Diffusers documentation
Distributed inference
Distributed inference
Distributed inference splits the workload across multiple GPUs. It a useful technique for fitting larger models in memory and can process multiple prompts for higher throughput.
This guide will show you how to use Accelerate and PyTorch Distributed for distributed inference.
Accelerate
Accelerate is a library designed to simplify inference and training on multiple accelerators by handling the setup, allowing users to focus on their PyTorch code.
Install Accelerate with the following command.
uv pip install accelerate
Initialize a accelerate.PartialState class in a Python file to create a distributed environment. The accelerate.PartialState class manages process management, device control and distribution, and process coordination.
Move the DiffusionPipeline to accelerate.PartialState.device
to assign a GPU to each process.
import torch
from accelerate import PartialState
from diffusers import DiffusionPipeline
pipeline = DiffusionPipeline.from_pretrained(
"Qwen/Qwen-Image", torch_dtype=torch.float16
)
distributed_state = PartialState()
pipeline.to(distributed_state.device)
Use the split_between_processes utility as a context manager to automatically distribute the prompts between the number of processes.
with distributed_state.split_between_processes(["a dog", "a cat"]) as prompt:
result = pipeline(prompt).images[0]
result.save(f"result_{distributed_state.process_index}.png")
Call accelerate launch
to run the script and use the --num_processes
argument to set the number of GPUs to use.

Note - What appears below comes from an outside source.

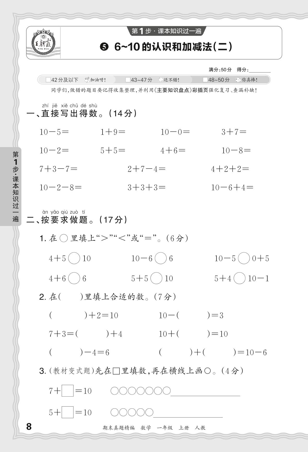 一年级数学人教版上册过课本

accelerate launch run_distributed.py --num_processes=2
Refer to this minimal example script for running inference across multiple GPUs. To learn more, take a look at the Distributed Inference with 🤗 Accelerate guide.
PyTorch Distributed
PyTorch DistributedDataParallel enables data parallelism, which replicates the same model on each device, to process different batches of data in parallel.
Import torch.distributed
and torch.multiprocessing
into a Python file to set up the distributed process group and to spawn the processes for inference on each GPU.
import torch
import torch.distributed as dist
import torch.multiprocessing as mp
from diffusers import DiffusionPipeline
pipeline = DiffusionPipeline.from_pretrained(
"Qwen/Qwen-Image", torch_dtype=torch.float16,
)
Create a function for inference with init_process_group. This method creates a distributed environment with the backend type, the rank
of the current process, and the world_size
or number of processes participating (for example, 2 GPUs would be world_size=2
).
Move the pipeline to rank
and use get_rank
to assign a GPU to each process. Each process handles a different prompt.
def run_inference(rank, world_size):
dist.init_process_group("nccl", rank=rank, world_size=world_size)
pipeline.to(rank)
if torch.distributed.get_rank() == 0:
prompt = "a dog"
elif torch.distributed.get_rank() == 1:
prompt = "a cat"
image = sd(prompt).images[0]
image.save(f"./{'_'.join(prompt)}.png")
Use mp.spawn to create the number of processes defined in world_size
.
def main():
world_size = 2
mp.spawn(run_inference, args=(world_size,), nprocs=world_size, join=True)
if __name__ == "__main__":
main()
Call torchrun
to run the inference script and use the --nproc_per_node
argument to set the number of GPUs to use.
torchrun run_distributed.py --nproc_per_node=2
device_map
The device_map
argument enables distributed inference by automatically placing model components on separate GPUs. This is especially useful when a model doesn’t fit on a single GPU. You can use device_map
to selectively load and unload the required model components at a given stage as shown in the example below (assumes two GPUs are available).
Set device_map="balanced"
to evenly distributes the text encoders on all available GPUs. You can use the max_memory
argument to allocate a maximum amount of memory for each text encoder. Don’t load any other pipeline components to avoid memory usage.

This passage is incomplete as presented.